Tue, 07/24/2018 - 4:00pm

    ROCKPORT — The bridge over Goose River, in Rockport Village, is getting scruffier around the edges, and the ban on Garden Club flower planters there has made the bridge’s blemishes even more apparent. But the Maine Department of Transportation said in late July that a rebuild of the Goose River Bridge is due in five years; in the meantime, the DOT plans is to talk with the Garden Club about cultivating flower beds near the sides of the 68-year-old concrete and steel bridge.

    Earlier this month, the Rockport Garden Club told the community that it could no longer hang its flower boxes, often filled with petunias, on the rails of the bridge. That was per order of the DOT, and the Town of Rockport in March. Acccording to DOT spokesman Ted Talbot, the policy holds for anything not approved by the state.

    “It’s unfortunate, because we’d love to accommodate,” he said, in a July 20 phone conversation.

    A 2016 memo from the DOT’s legal counsel made its way to Rockport earlier this year. Entitled “Impermissable Attachments of State Bridges,” it is the policy document the DOT is using to prohibit items affixed to its property.

    While flower boxes were not mentioned in the memo (see attached PDF), it did reference fishing nets.

    “Each spring, a number of bridges owned and under the jurisdiction of the Maine Dept. of Transportation are used for elver fishermen’s nets,” the memo said. “They are affixed to the bridges by ropes, clamps, and wires, and left dangling in waters underneath the span.”

    The memo, authored by Toni Kemmerle, DOT Chief Counsel, noted that state bridge maintenance staff got concerned about damage from the elver riggings to the bridges and hazards to boaters; consequently, the DOT produced a memo banning such fixtures because the transportation agency is charged with establishing “an interlocking system of state and state highways” that are safe and efficient.”

    Talbot said the DOT had initially planned to paint the Goose River Bridge last summer and asked the town to clear the bridge of any fixtures. But then, the DOT looked more closely at the bridge and decided it needed rebuilding.

    “We let it [the repainting] go because we talked about replacing the bridge in a year or three years,” he said.

    That rebuild date, however, has been pushed forward to five years.

    Talbot said the issue of the flower boxes is, in part, related to safety.

    “People are walking below it,” he said, citing a footbridge that also spans the Goose River, approximately 30 feet from the taller vehicular bridge.

    He said that the DOT has reached a point, “where we have to stick to policy across the board.”

    Hence, no Rockport Garden Club flower boxes on the bridge, although the hoses still remain there, looping along the rails.

    But the DOT said July 20 that it would reach out to the town and the Rockport Garden Club, and investigate together possibilities of creating garden beds near the bridge.

    And, Talbot said, citizens are welcome to discuss the idea of including permanent flower boxes on the new bridge when the DOT approaches the design phase.

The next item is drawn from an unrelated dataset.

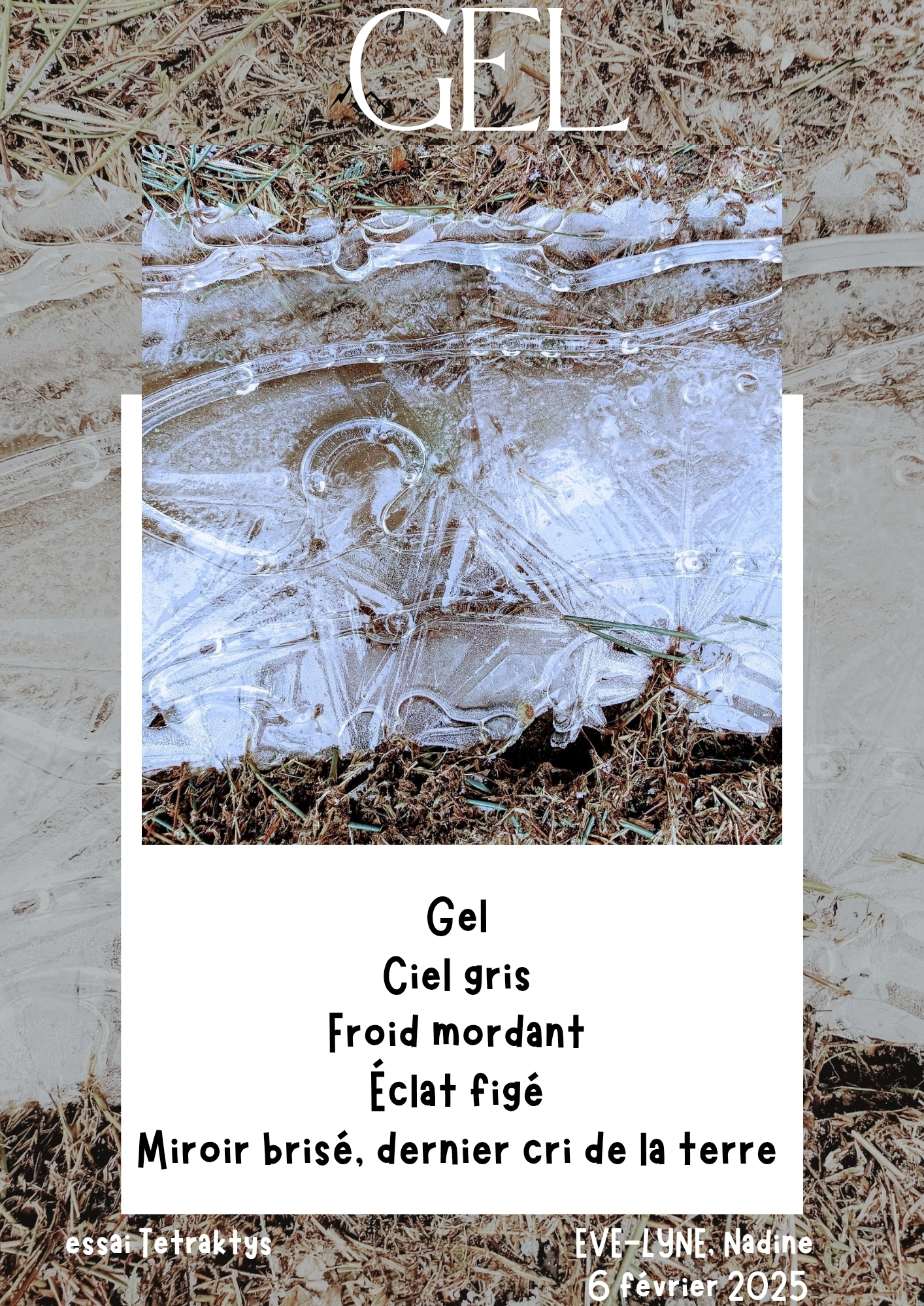 Gel Accueil › Vos poèmes ***UN SEUL PAR JOUR*** Les « poèmes » érotiques descriptifs ne sont pas les bienvenus... Ce sujet contient 11 réponses, 11 participants et a été mis à jour pour la dernière fois par Georgiu Cornel, le 10-02-2025 19:05. Créateur Sujet 10 février 2025 à 19h05 #2718370 Plume de platine★★★★★☆ Eve-Lyne Sujet: 747Réponses: 6966 Gel Ciel gris Froid mordant Éclat figé Miroir brisé, dernier cri de la terre Essai Tetraktys Eve-Lyne, Nadine le 06/02/2025 EvE-LyNe Créateur Sujet Vous lisez 10 fils de discussion Auteur Réponses 6 février 2025 à 19h49 #3555417 Mascotte d'Oasis Ancielo Sujet: 847Réponses: 8953 Profond et beau. Alarmant haïku. 6 février 2025 à 21h30 #3555459 SybillaMaître des clés Sujet: 5464Réponses: 79667 Bonsoir Chère Amie poétesse Nadine, Superbe tetrakys sur le gel qui sévit en de nombreux lieux ces derniers jours ! Belle soirée Chère Amie poétesse Nadine ! Toutes mes amitiés Gros bisous Sybilla Le r?ve est le poumon de ma vie (Citation de Sybilla) 8 février 2025 à 3h43 #3555622 Lyria Sujet: 80Réponses: 6608 Eve-lyne, Un magnifique tetraktys qui décrit très bien ce temps de gel qui semble anéantir la terre Amitiés poétiques Mes recueils de po?sies et de nouvelles publi?s aux ?ditions Amalth?e. 8 février 2025 à 7h30 #3555640 Sympatique Sujet: 615Réponses: 12189 Quand on appelle ce dégel 8 février 2025 à 8h48 #3555665 Mascotte d'Oasis poemic Sujet: 1020Réponses: 17621 Oui ! on gèle ! Appelons Damart ! Belle évocation du gel dans une jolie mise en page Amitiés en bises michel [color=990000]MON 2eme RECUEIL...JE TE PORTE L'AUBE..EST DISPONIBLE..[/color] http://www.oasisdesartistes.com/modules/newbbex/viewtopic.php?topic_id=97282&forum=47 8 février 2025 à 11h26 #3555695 Merdesiles Sujet: 2532Réponses: 6317 Il fait froid l’hiver est long et gris , la terre pleure aussi 9 février 2025 à 8h20 #3555784 Plume de diamant★★★★★★ cyrael Sujet: 4849Réponses: 48873 ____ mon Amie de coeur Nadine _____ j’aime cette belle illustration_________________ gel dans la nature en effet, les températures sont froides vive la poésie, et le partage, excellent tétraktys * je te souhaite un merveilleux dimanche bisous du coeur l'Amour rayonne quand l'Ame s'?l?ve, citation maryjo 9 février 2025 à 9h18 #3555809 Mickaelle Sujet: 781Réponses: 13295 belle illustration……………bien réussi le tétraktys………le gel…………..oui, vivement le printemps……….. 10 février 2025 à 5h48 #3555950 Plume de platine★★★★★☆ Eve-Lyne Sujet: 747Réponses: 6966 Merci ami poétesses et poètes pour vos lectures et commentaires sous le poème Amitiés en bises EvE-LyNe 10 février 2025 à 18h28 #3556051 Fran?ois Sujet: 300Réponses: 49951 Bonsoir Eve-Lyne, très beau coup de froid sur ces vers Amitiés La po?sie, c'est comme la cuisine, le mot faitout 00063312-1 10 février 2025 à 19h05 #3556054 Georgiu Cornel Sujet: 453Réponses: 3002 « Miroir brisé, dernier cri de la terre » J’aime beaucoup cette métaphore. Super ! Auteur Réponses Vous lisez 10 fils de discussion Vous devez être connecté pour répondre à ce sujet. Connexion Identifiant: Mot de passe: Rester connecté Connexion Log in / Register

That won’t be for several years, however, as the engineering phase must first get underway. 

    The Goose River Bridge is integral to the history of Camden and Rockport; in fact, the two towns were once one, but the “bridge question” first articulated in 1855, was one of the seeds that lead to the eventual separation of Camden and Rockport in 1891. The bridge debate started at town meeting when citizens debated spending $3,000 or $1,000 on a bridge to span the Goose River.

    In 1921, a metal bridge was built over the Goose River but that was destroyed in 1946 when a truck driver took out one of the bridge posts. The structure collapsed and the Bangor man died in the accident.

    A temporary bridge went up, and then the existing bridge was built in the early 1950s.

    Some sixty eight years later, and the concrete and steel bridge is now ready for replacement.

    But the Rockport Garden Club is not motionless on its mission to keep the town spruced up.

    At a July 23 meeting of the Select Board and the non-voting residents of Rockport, Lee Anne Dunton mentioned that the club would like to put up poles near the bridge from which to hang flowers.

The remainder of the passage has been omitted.